Functionalities of KNIME text processing


#1

Hello,
I am starting a new project and I am looking for the solution which could be the most suitable for it. I started to build some small processes with KNIME and the text processing extension.
Now, I would like to know if the following functionnalities are possible with this solution :

  1. Associate and count more than two words : I used the node called “Co-occurence counter” which count how many times appears 2 associated word. Now I would like to know if there is a node which allows to count the association of more than two words like “Knime Text Processing”

  2. Is there a node to work with synonymous

  3. A dictionnary node ? To detect specified word and excludes specific ones.

  4. A node which recognize dates format ?

  5. Navigate in the document by clicking on the result word set

  6. Finally, is it possible to have an end user interface, I mean to build it in that way non IT people could use it by navigating in the document

Thanks a lot !

Sabine


#2

Hello Sabine,

This can be done with the NGram Creator node. It creates all possible n-grams for your given n and counts the occurrences on document and sentence level.

Currently, there is no node for this task. If you want to get synonyms for terms within your document for example from WordNet, you could try to get information with help of the Palladian nodes and query the words for which you want to have the synonyms. There has already been a question about this in our previous forum.
If you want to mine similar words within your documents, you could give this blog post a look.

To detect words coming from a dictionary, you could use the Dictionary Tagger node. It tags terms that have been found within your documents with a specific tag that you can set in the node dialog. Afterwards, you can create a bag of words to see which words are included in your documents.
To exclude words, you could use the Stop Word Filter node. It also uses a dictionary and removes all words contained in the dictionary from your documents. There are also some predefined stop word lists that you can use.

One solution would be tagging. For example, you could use the OpenNLP NE Tagger or StanfordNLP NE Tagger node. Both nodes provide models to recognize dates (choose ‘date’ model for OpenNLP NE Tagger node or any 7 class model for StanfordNLP NE Tagger node). These tagger try to identify dates, but it may not be satisfactory, because it hardly detect date formats like 13.05.2018. It is more useful for month names and constructs like ‘May, 2018’.
Another option would be the Wildcard Tagger node. You can provide a data table containing regular expressions which are specifying the date formats you are looking for.
A combination of both solutions could also be worth a try.

I’m not quite sure, but you could have a look at the Document Viewer node. Maybe that’s what you are looking for.

I hope this helps. If you have any quesions how to use the nodes I mentioned or if you encounter any other problems, feel free to ask. :slight_smile:

Best,

Julian


#3

Hello Julian,

Thank you for all those answer, I will go through one by one.
Hope you will be able to answer in this topic.

Talking about the dictionnary node

Blockquote
To detect words coming from a dictionary, you could use the Dictionary Tagger node.
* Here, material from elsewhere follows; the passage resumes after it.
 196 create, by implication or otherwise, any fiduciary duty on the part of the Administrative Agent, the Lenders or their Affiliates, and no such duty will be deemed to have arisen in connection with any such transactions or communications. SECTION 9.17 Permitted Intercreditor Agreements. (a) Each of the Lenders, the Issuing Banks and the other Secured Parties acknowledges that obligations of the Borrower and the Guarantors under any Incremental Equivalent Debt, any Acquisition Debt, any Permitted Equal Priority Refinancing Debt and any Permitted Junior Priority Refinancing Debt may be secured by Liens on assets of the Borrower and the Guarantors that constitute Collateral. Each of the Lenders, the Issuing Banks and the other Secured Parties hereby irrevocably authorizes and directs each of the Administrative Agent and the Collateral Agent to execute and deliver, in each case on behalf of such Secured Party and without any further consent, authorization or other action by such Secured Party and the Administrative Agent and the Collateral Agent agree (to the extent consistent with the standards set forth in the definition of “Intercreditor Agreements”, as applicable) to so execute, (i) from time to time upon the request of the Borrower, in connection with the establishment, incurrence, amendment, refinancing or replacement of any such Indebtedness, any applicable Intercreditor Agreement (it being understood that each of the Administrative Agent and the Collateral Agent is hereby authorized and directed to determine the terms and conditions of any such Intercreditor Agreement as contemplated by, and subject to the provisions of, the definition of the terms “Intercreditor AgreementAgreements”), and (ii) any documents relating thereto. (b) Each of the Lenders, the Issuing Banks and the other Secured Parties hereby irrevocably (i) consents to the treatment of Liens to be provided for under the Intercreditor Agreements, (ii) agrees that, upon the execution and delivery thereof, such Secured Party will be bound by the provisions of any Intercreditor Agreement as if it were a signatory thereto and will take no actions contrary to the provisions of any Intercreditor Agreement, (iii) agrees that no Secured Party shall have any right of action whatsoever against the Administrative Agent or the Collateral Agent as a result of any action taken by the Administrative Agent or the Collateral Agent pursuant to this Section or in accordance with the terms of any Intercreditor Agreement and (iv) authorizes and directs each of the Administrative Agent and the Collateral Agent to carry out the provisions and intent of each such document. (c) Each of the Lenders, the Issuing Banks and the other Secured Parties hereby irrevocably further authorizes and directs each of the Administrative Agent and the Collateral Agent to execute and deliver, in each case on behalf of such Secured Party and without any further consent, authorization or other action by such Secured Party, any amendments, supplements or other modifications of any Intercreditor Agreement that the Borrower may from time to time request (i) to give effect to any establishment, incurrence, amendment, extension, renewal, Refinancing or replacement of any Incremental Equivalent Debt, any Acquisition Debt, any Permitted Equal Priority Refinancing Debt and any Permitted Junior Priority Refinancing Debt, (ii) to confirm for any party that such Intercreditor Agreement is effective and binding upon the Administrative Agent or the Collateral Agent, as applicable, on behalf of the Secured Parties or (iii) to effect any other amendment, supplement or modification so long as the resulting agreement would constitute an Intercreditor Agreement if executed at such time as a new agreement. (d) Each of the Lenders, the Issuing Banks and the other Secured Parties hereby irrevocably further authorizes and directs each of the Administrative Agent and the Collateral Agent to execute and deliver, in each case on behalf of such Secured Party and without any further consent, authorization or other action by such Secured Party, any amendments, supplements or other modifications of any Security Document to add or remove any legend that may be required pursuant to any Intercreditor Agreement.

It tags terms that have been found within your documents with a specific tag that you can set in the node dialog. Afterwards, you can create a bag of words to see which words are included in your documents.
To exclude words, you could use the Stop Word Filter node. It also uses a dictionary and removes all words contained in the dictionary from your documents. There are also some predefined stop word lists that you can use.

Blockquote

I am having trouble to use it correctly …
I put a PDF parser then I use all my filters (Number filter, Punctuation erasure, Case converter, Snowball Stemmer)
Then I put my BoW creator, then a column filter in which I keep only my term column
Then the dictionnary tagger and I get this error while trying to configure the node "the dialog cannot be oppened for the following reasons : No column in spec compatible to “DocumentValue” "
Regards,
Sabine


#4

I am facing the same error message for the point 4 the data format.
I wanted to use the node “Wildcard Tagger” as you adviced but I hace the same error message "The dialog cannot be oppened for the following reason . No column in spec compatible to document value.
I put the BoW node just before.


#5

Hey Sabine,

all tagging nodes have to be applied on a document column.
So you use your filters and then tag the words you want to with the Dictionary or Wildcard tagger node and afterwards you can apply the Bag Of Words node. It creates a column with terms occuring in the document.

Regards,

Julian


#6

Hi Julian

I am facing the same error message “No column in spec compatible to document value”
and I did not understand what I should do to solve this problem.would you please help me ?


#7

Hey @honarjooyan,

I’m sorry about the late response. Can you provide more information about your problem? Which nodes are you using and how did you order them?

Regards,

Julian


#8

Hi julian
Thank you for your response. I found the solution. By using "String to Doc. " node, the problem solved.

                                                                                                            Thanks very much!